Кто теперь нам скажет ласковое слово,
кто улыбнётся с душой, кто нас ободрит?..
Ох, тётечка, тебе ещё жить да жить…
встань, родименькая, посмотри, сколько вокруг людей собралось,
посмотри на своих дочек-красавиц,
посмотри, какое у них горе…
Не уходи, тётечка, поживи ещё, поживи…
Нам так плохо, так плохо без тебя, ох!…
Акулька горестно оплакивала дорогую тётю Феню, а собравшиеся у гроба родственники и соседи были изумлены: откуда у Акульки, у этой никчёмной бабы, столько слов? И как складно голосит! Так вкладывается в слова, что от её жалостливых причитаний сердце разрывается!
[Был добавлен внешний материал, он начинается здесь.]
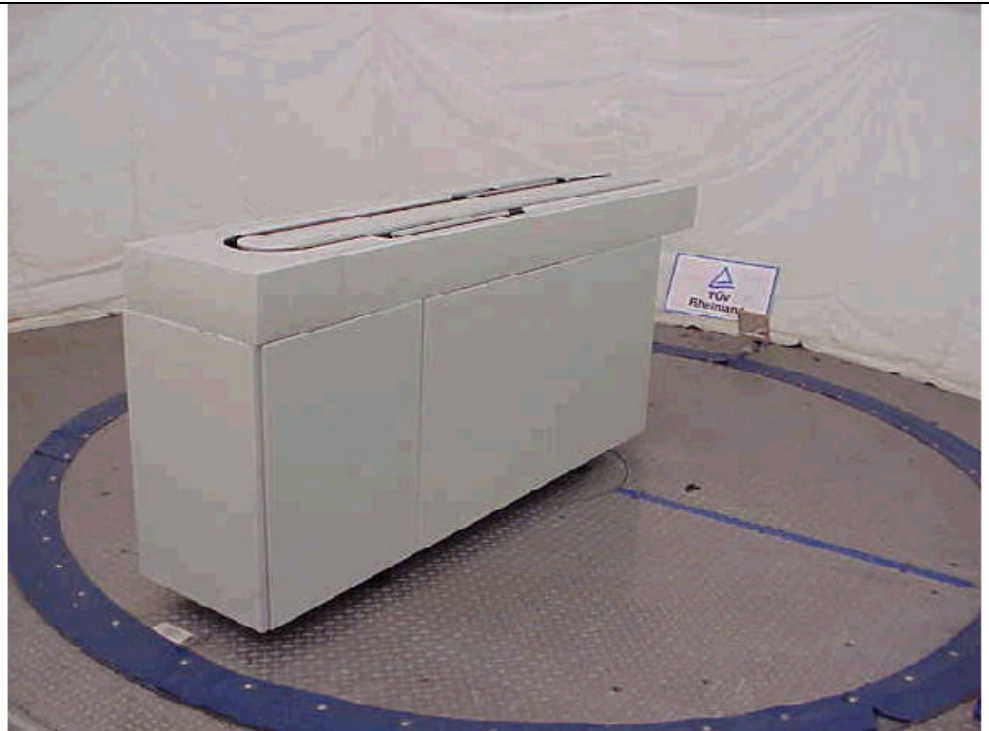
Conducted Emissions (free standing - Test configuration #1)

Её причитания были уместны и необходимы. Многие под воздействием её причитаний хлюпали носами, вытирали покрасневшие глаза, а некоторые, не сдерживаясь, заходились в рыданиях. Плакали даже те, кто не склонен плакать. Акульку слушали, не перебивая – впервые в жизни слушали до конца.
3
Где-то месяца через три после смерти тётки Фени умер пожилой тучный Калин Нифантьевич, дальний и последний родственник Акульки. Она пришла хоронить дядьку и опять, как на похоронах соседки, стала голосить, подбирая нараспев слова, которые выражали всю горечь потери последнего родственника. Она называла себя «сиротой», «покинутой», «одинёшенькой» и была искренна в изображении боли. Громким жалостливым голосом причитала над покойным и выражала такую скорбь, что слёзы у всех хоронивших сами текли из глаз. Своим плачем Акулька не только убивалась из-за смерти «дядюшки Калина», но и будила в душе каждого некую высокую тоску, от которой хотелось прореветься, забыть повседневные дрязги, стать человеком и думать о вечном. И снова Акульку слушали до конца, и снова она была в центре внимания, снова имела значение и была нужна людям.
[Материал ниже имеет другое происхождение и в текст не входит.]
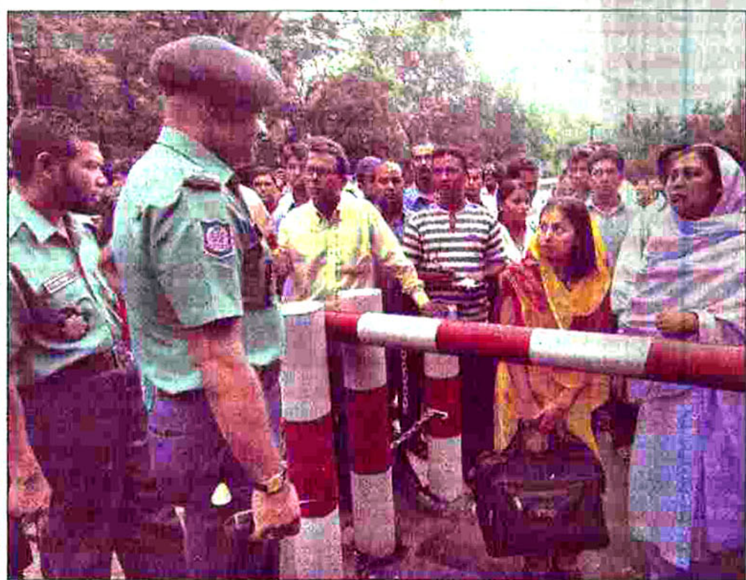
Policemen on guard at the sub-jail on the Sangsad Bhaban premises prevent relatives of Awami League chief Sheikh Hasina from visiting her yesterday.

…Так судьбе было угодно, что поздней осенью, когда на улице сыро и слякотно, когда серые короткие дни угнетали всё живое, отдал богу душу Киндин Перфильевич, мужик ещё не старый, с малыми детьми и молодой женой. Долго болел и – представился. Когда умирают молодые, ещё незавершенные люди, то это особенно больно. Хоронить Киндина, несмотря на распутицу, пришло очень много народу – горе-то какое! Пришла и сухощавая сморщенная Акулька, хотя её не звали и в родстве с Киндином она не состояла. Сама, по собственному разумению, пришла на чужие похороны. Её встретили с недоумением, но не прогнали. Как можно с похорон-то прогонять?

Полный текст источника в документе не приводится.